- Presented by: Hamish Blake; Andy Lee;
- Country of origin: Australia
- Original language: English
- No. of seasons: 1
- No. of episodes: 3

Production
- Running time: 60-70 minutes

Original release
- Network: Nine Network
- Release: 17 November – 1 December 2019

= Hamish and Andy's "Perfect" Holiday =

Hamish and Andy's “Perfect” Holiday is a comedy miniseries following Australian comedians Hamish Blake and Andy Lee, on their trips to various international locations in an attempt to find the "perfect holiday". The series premiered on 17 November 2019.

The series made its streaming debut on Stan in June 2022, alongside the duo's previous series True Story with Hamish & Andy.

==Format==

Hamish and Andy will travel across United States, Alaska and Canada in 17 days to create their “Perfect Holiday”, however their activities on their adventure are decided by one for the other which will end in idiotic, extraordinary and dangerous results.

==Episodes==

| No. | Title | Original release date | Australian viewers |
| 1 | "Episode 1" | 17 November 2019 | 987,000 |
Day 1 in Monroe, Washington: Hamish and Andy take part in a bus race on a figure eight track at the Evergreen Speedway with Andy as the driver and Hamish as the navigator, but before the race they made a bet with one of the drivers named Sam with whoever loses has to do a pole dance in Sam’s bus.
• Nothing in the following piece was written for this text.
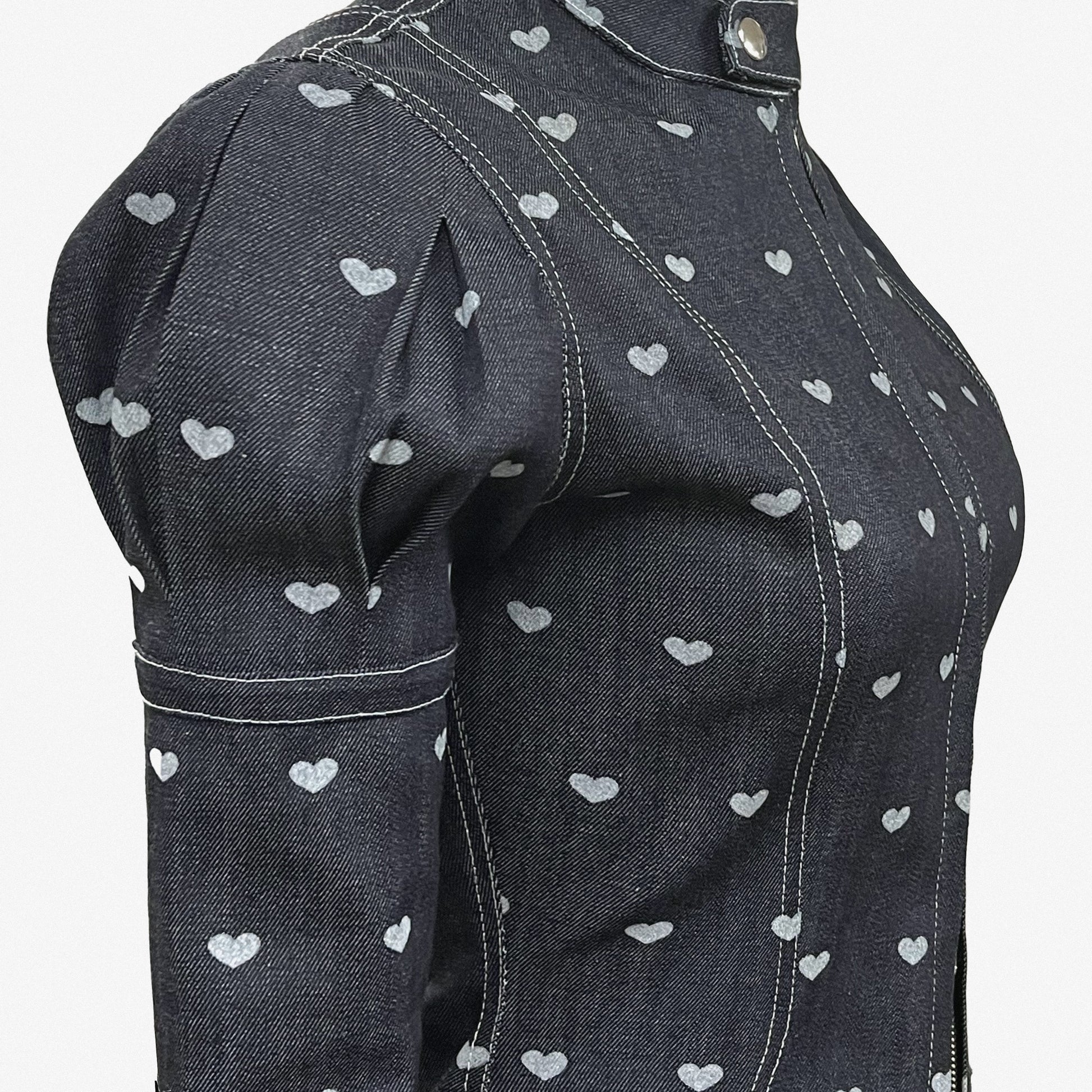 Expertly crafted in denim, the CuTe But pSycho MOTO JACKET boasts a playful heart print. With limited units available, this jacket is a must-have for those seeking a unique and stylish addition to YouR wardrobe.

Day 2 in Las Vegas, Nevada: Andy tells Hamish that he is going to be in a boxing match, but what he is actually doing is eating the hottest chili in the world, Pepper X. Day 3 in Dallas, Texas: Hamish has Andy pull a prank on Eric, a former high school football player who broke Andy’s nose in Hamish & Andy’s American Caravan of Courage (2009) by spicing his drink with Vegemite. Day 4 in Haines, Alaska: Andy takes Hamish to visit a man named Steve, at the Kroschel Films Wildlife Center to see a wolverine that he trained to search & rescue people and to have a game of hide & seek with a little bet. If the wolverine can find Hamish in less the 10 minutes the wolverine has to eat a rat of Hamish’s butt and if the wolverine doesn't Hamish has to eat a cupcake on the wolverine's back. Day 5 in Las Vegas, Nevada: Hamish hires 11 people to perform luck rituals on Andy, so that Andy can win every gambling game in Las Vegas and win more than a trillion dollars.
| 2 | "Episode 2" | 24 November 2019 | 792,000 |
Day 6 in Knik Glacier, Alaska: Hamish takes Andy to do dog sledding with dog sled racers Justin & Rebecca and their 40 dogs, but there was a secret twist. The twist is Andy has to wear a meat suit and run from point A to point B as fast as he can before the dogs catch him. Day 7 in Boulder, Colorado: Andy assemble a team of treasure hunters for Hamish, as they search for treasure worth $5 million buried somewhere in the Rocky Mountains by Forrest Fenn. Day 8 in Kentucky, US: Hamish made Andy eat a select delicacy known as cooked squirrel brains. Day 9 in Sheep Mountain, Alaska: Andy takes Hamish to a car yard where they launch cars in the air on Independence Day. There also wanted to try and see if a pizza can survive a car launch crash. Day 10 & 11 in Whittier, Alaska and Los Angeles, California: Hamish and Andy try to start their own business by selling drinks made out of an iceberg, which they called “Berg King Water”. They started by getting an iceberg in Whittier and then melt it into water. The next day they took the drinks to Los Angeles to find a business man to sell them to.
| 3 | "Episode 3" | 1 December 2019 | 665,000 |
Day 12 & 13 in Nordegg, Canada: Hamish and Andy spent the night in the Canadian wilderness with a guy name Todd who has been searching for Bigfoot (also known as Sasquatch) and to see if it is real. Day 14 in Topanga, California: Andy take Hamish to meet Dana, Kelly & Vince from The Laurel Canyon Animal Co. who makes music for animals. Then they challenge then to see who can make a song for Hamish’s cat Meowbert in 2 hours and see which song he likes best. Day 15 in Arlington, Texas: Hamish takes Andy to the Globe Life Park to make one of Andy’s dreams come by getting a home run in a short baseball game by getting 9 Innings, but he is going to be batting against a team by himself and he has to eat 9 “Big Deals” (9 hotdogs & 9 cokes) while playing. Day 16 in Dallas, Texas: Andy enrolled Hamish and himself at an auctioneer school called America’s Auction Academy to learn how to be an auctioneer. Then they challenge each other to see who can be the best auctioneer. Day 17 in Idaho Springs, Colorado: For the last day of their holiday, Hamish tricks Andy into ride a tandem bike with him to the top of Mount Blue Sky.